**Problem to work on**
Reproduce the listing in full, pictures excluded.

**Information provided**

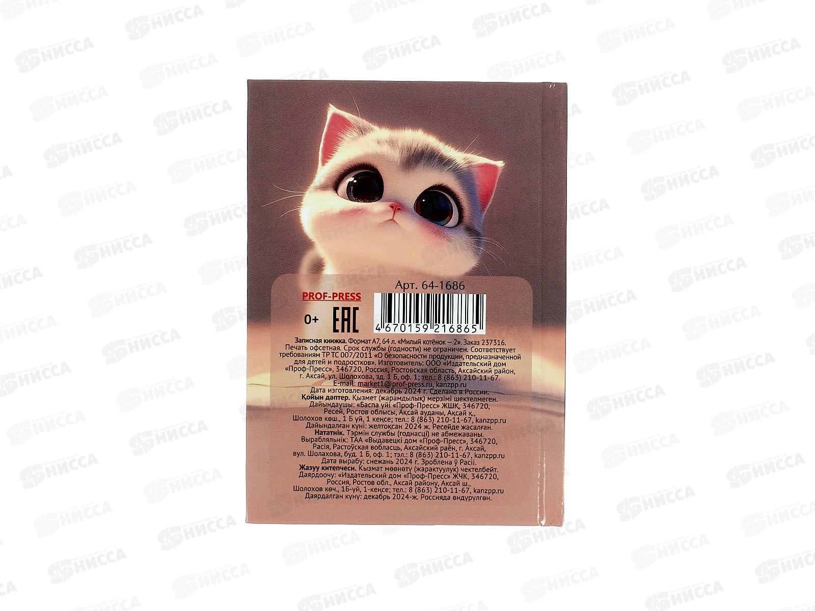 Записная книжка ПП А7 64л Милый котёнок - 2, 64-1686
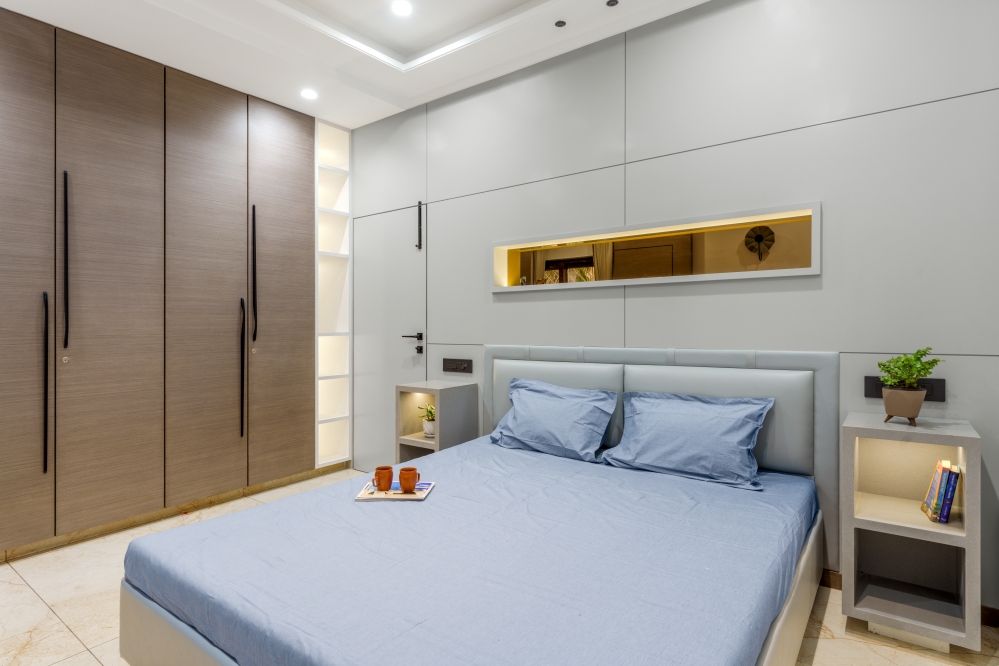 This modern bedroom showcases minimalism through a sleek bed’s headrest, clean panelling, and subtle lighting fixtures. The soothing colour palette complements a modern wardrobe with open white shelf units, offering both function and style. Carefully chosen accessories and soft furnishings enhance comfort, giving the room a contemporary, calming aura.
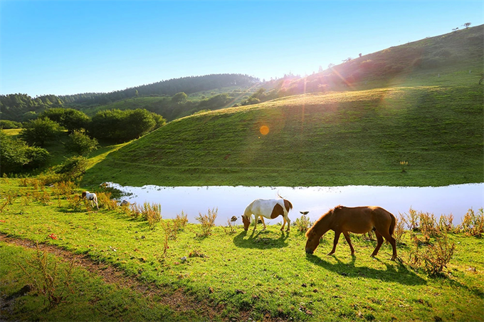仙女山的秋天,如画一般美妙。落日余晖下,一片蓝天、一座山、一方草原、一片森林、几匹野马,一列欧式风情的小火车,亦是它的独有的层次。九月,初秋的颜色已悄悄爬上山间。一眼望去,视野内层林尽染,游于山间总有你想像不到的惊艳和浪漫。你可以在这里尽情的捕捉山光与秋色,随手一拍便是风景大片。
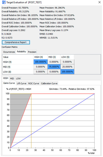 As observed in Figure 18, the results were good. The overall precision was 93.7500%; the mean precision was 96.2963%; the overall reliability was 95.3123%; the mean reliability was 91.6667%; the overall relative Gini index was 98.1055%; the mean relative Gini index was 97.9218%; the overall relative lift index was 100%; the mean relative lift index was also 100%; the overall receiver operating characteristic (ROC) index was 100%; the mean ROC index was also 100%. The overall log-loss was 0.2062; the mean binary log-loss was 0.1374, which was quite good as log-loss should be as close to zero as possible, since it measures loss of information in the prediction; the linear correlation coefficient R was 0.9629 and could be considered to be very good relationship between the variables (the scores in the AI-ALS and the target scores in the paper-based post-test); the coefficient of determination R2 was 0.9273 and could be considered to be very good as it measures the strength of the linear association between the scores in the AI-ALS and the target node (the scores of the paper-based post-test); the root-mean-square error (RMSE) was 0.0400 and its low value could be considered to be good since it measures how far the data points were from the regression line; the normalized root-mean-square error (NRMSE) was 11.5151% and could be considered to be acceptably good since it was quite low in value.

**Written answer**
 Записная книжка ПП А7 64л Милый котёнок - 2, 64-1686
 This modern bedroom showcases minimalism through a sleek bed’s headrest, clean panelling, and subtle lighting fixtures. The soothing colour palette complements a modern wardrobe with open white shelf units, offering both function and style. Carefully chosen accessories and soft furnishings enhance comfort, giving the room a contemporary, calming aura.
仙女山的秋天,如画一般美妙。落日余晖下,一片蓝天、一座山、一方草原、一片森林、几匹野马,一列欧式风情的小火车,亦是它的独有的层次。九月,初秋的颜色已悄悄爬上山间。一眼望去,视野内层林尽染,游于山间总有你想像不到的惊艳和浪漫。你可以在这里尽情的捕捉山光与秋色,随手一拍便是风景大片。
 As observed in Figure 18, the results were good. The overall precision was 93.7500%; the mean precision was 96.2963%; the overall reliability was 95.3123%; the mean reliability was 91.6667%; the overall relative Gini index was 98.1055%; the mean relative Gini index was 97.9218%; the overall relative lift index was 100%; the mean relative lift index was also 100%; the overall receiver operating characteristic (ROC) index was 100%; the mean ROC index was also 100%. The overall log-loss was 0.2062; the mean binary log-loss was 0.1374, which was quite good as log-loss should be as close to zero as possible, since it measures loss of information in the prediction; the linear correlation coefficient R was 0.9629 and could be considered to be very good relationship between the variables (the scores in the AI-ALS and the target scores in the paper-based post-test); the coefficient of determination R2 was 0.9273 and could be considered to be very good as it measures the strength of the linear association between the scores in the AI-ALS and the target node (the scores of the paper-based post-test); the root-mean-square error (RMSE) was 0.0400 and its low value could be considered to be good since it measures how far the data points were from the regression line; the normalized root-mean-square error (NRMSE) was 11.5151% and could be considered to be acceptably good since it was quite low in value.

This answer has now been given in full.